Das Sakrament der Taufe
Die Taufe ist ein Sakrament. Doch mit diesem Begriff können heute viele nichts mehr anfangen. «Sakrament» bedeutet eine Weihehandlung mit eidlicher Verpflichtung. «Sacramentum» war eigentlich der Fahneneid des römischen Soldaten. Im Sakrament der Taufe bindet sich der Täufling an Christus. Er drückt damit aus, dass er gemeinsam mit Christus sein Leben gestalten möchte. Doch Sakrament meint noch etwas anderes. Es ist die Übersetzung des griechischen Wortes «mysterion». Mysterium aber bedeutet die Einweihung des Glaubenden in das Geheimnis des Lebens.
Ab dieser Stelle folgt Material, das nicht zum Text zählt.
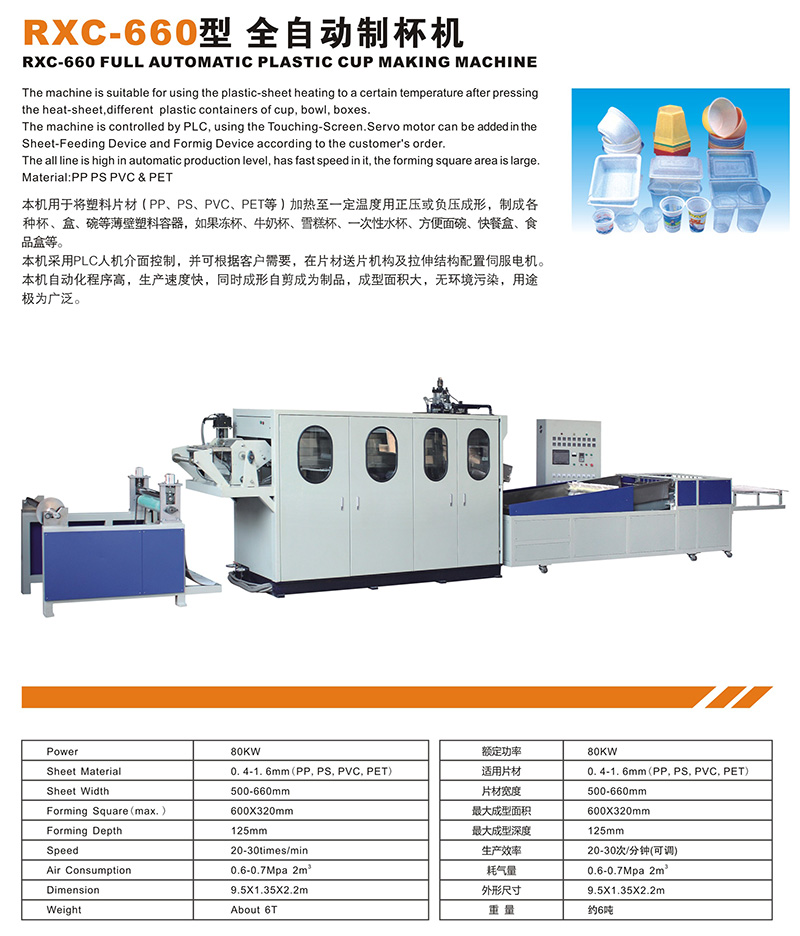 本机用于将塑料片材(PP、Ps、PVC、PET等)加热至一定温度用正压或负压成形,制成各 种杯、盒、碗等薄壁塑料容器,如果冻杯、牛奶杯、雪糕杯、一次性水杯、方便面碗、快餐盒、食 品盒等。 本机采用PLC人机介面控制,并可根据客户需要,在片材送片机构及拉伸结构配置伺服电机。 本机自动化程序高,生产速度快,同时成形自剪成为制品,成型面积大,无环境污染,用途 极为广泛。
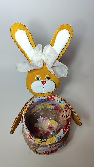 - Dekorativna korpica sa figurom zeke (žuta glava i uši sa belom mašnom).
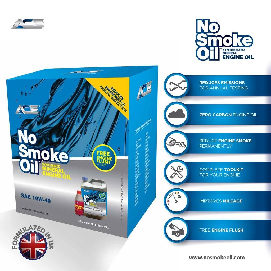 ACE NoSmokeOil SAE 10W40 passenger car and light van engine oil is manufactured from superb very high film strength lubricant bases which incorporate a specially designed and unique ‘ACEWERX’ advanced additive system which cuts engine oil smoke output on petrol and diesel engines permanently.
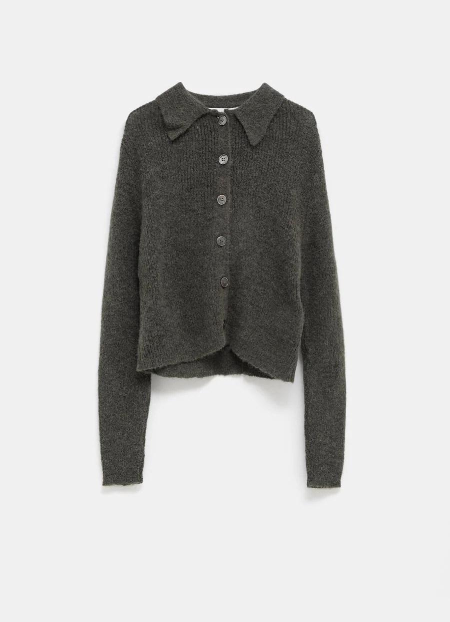 Polo de Our Legacy en punto mezcla de alpaca con cierre de botones y manga extralarga. Corte cropped. Talla normal, escoge tu talla habitual. Tallaje UE para mujer.
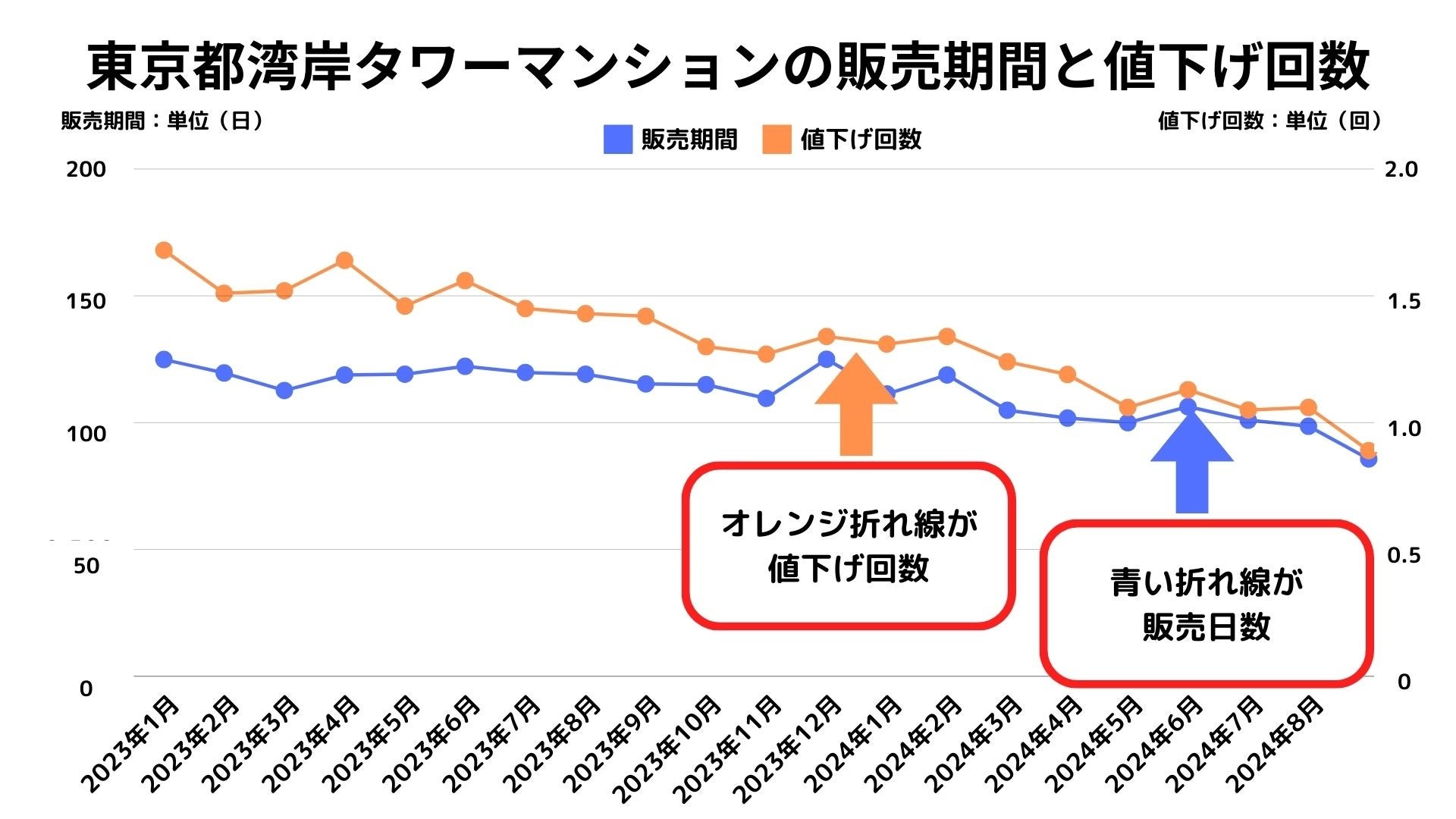 グラフ2: 東京都湾岸タワーマンションの販売期間と値下げ回数

Das Wasser als Lebenselixier
Das zentrale Element der Taufe ist sicherlich das Wasser. Für die frühen Christen, die nackt ins Taufbad stiegen, war es eindrücklicher als für uns, die wir nur ein paar Spritzer Wasser über den Kopf des Kindes giessen. Wasser ist der Ursprung allen Lebens. Ohne Wasser ist kein Leben auf der Erde denkbar. Fast drei Viertel der Erdoberfläche sind von Ozeanen, Seen, Flüssen und Eis bedeckt. Auch unterhalb der Erdoberfläche fliesst das Wasser wie in der Luftschicht über der Erde, hier grösstenteils als Dampf. Uns Menschen ist das Wasser durch die neun Monate im Fruchtwasser von Anfang an vertraut. Und über zwei Drittel unseres Körpers bestehen aus diesem Lebenselixier. Wasser ist mehr als Brot. Wir können mehrere Wochen ohne Nahrung leben, aber ohne Wasser keine zehn Tage. Wasser hat in allen Religionen und Kulturen auch eine Reinigungs- und Erneuerungskraft. Das Wasser der Taufe reinigt uns von den Fehlern der Vergangenheit und erneuert uns. Wasser ist das Zeichen der Taufe, durch die wir eine Lebenskraft empfangen, die nicht einmal der Tod zu zerstören vermag. Übrigens ist es verhältnismässig leicht, die Aussage «Wasser spendet Leben» Kindern im Kindergartenalter verständlich zu machen: Wir säen Kresse in zwei Schalen. Die eine begiessen wir mit Wasser, die andere bleibt trocken. Nach wenigen Tagen zeigt sich die Wirkung: Wasser spendet Leben!
Das weisse Taufkleid
Die frühen Christen schritten nackt in das Taufbecken und zogen dann weisse Gewänder an. Sie verwirklichten, was Paulus im Galaterbrief schreibt: «Ihr alle, die ihr auf Christus getauft seid, habt Christus als Gewand angelegt.» Das Anziehen des weissen Gewandes ist nicht nur etwas Äusseres, es verwandelt vielmehr den ganzen Menschen. Das weisse Kleid bedeutet nicht in erster Linie Reinheit oder Unschuld, sondern: Du hast Christus angezogen. Man kann Weiss auch als Farbe des Anfangs, der Sonne und der Auferstehung verstehen; denn Weiss ist keine eigene Farbe, sondern vereinigt alle Farben in sich. In Erinnerung daran trägt auch eine Braut bei ihrer Hochzeit ein weisses Kleid. Und das weisse Linnen, in das ein Verstorbener gehüllt wird, soll auch aussagen: Du gehörst Christus an. Im Urchristentum wurde das weisse Kleid acht Tage nach der Osternacht abgelegt. Darum heisst dieser Tag bis heute Weisser Sonntag. In der frühen Kirche trugen die Taufbewerber während der Vorbereitungszeit des Katechumenats dunkle Gewänder, dies als Zeichen der Bereitschaft, ein neues, christliches Leben zu führen. In der Osternacht zogen sie zur Taufe dann ein weisses Gewand an. An diesen frühchristlichen Brauch erinnert das heutige weisse Taufkleid, das den Neugetauften angezogen wird. Die Liturgie der Taufe sieht zwar vor, dass die Kinder das Taufkleid nach der eigentlichen Taufe angelegt bekommen. Meist haben die Eltern das liebevoll ausgesuchte Taufkleid schon vorher den Kindern angezogen; deshalb legt der
Priester oder Diakon meist ein zusätzliches Taufkleid kurz über, um dieses Zeichen deutlich zu machen.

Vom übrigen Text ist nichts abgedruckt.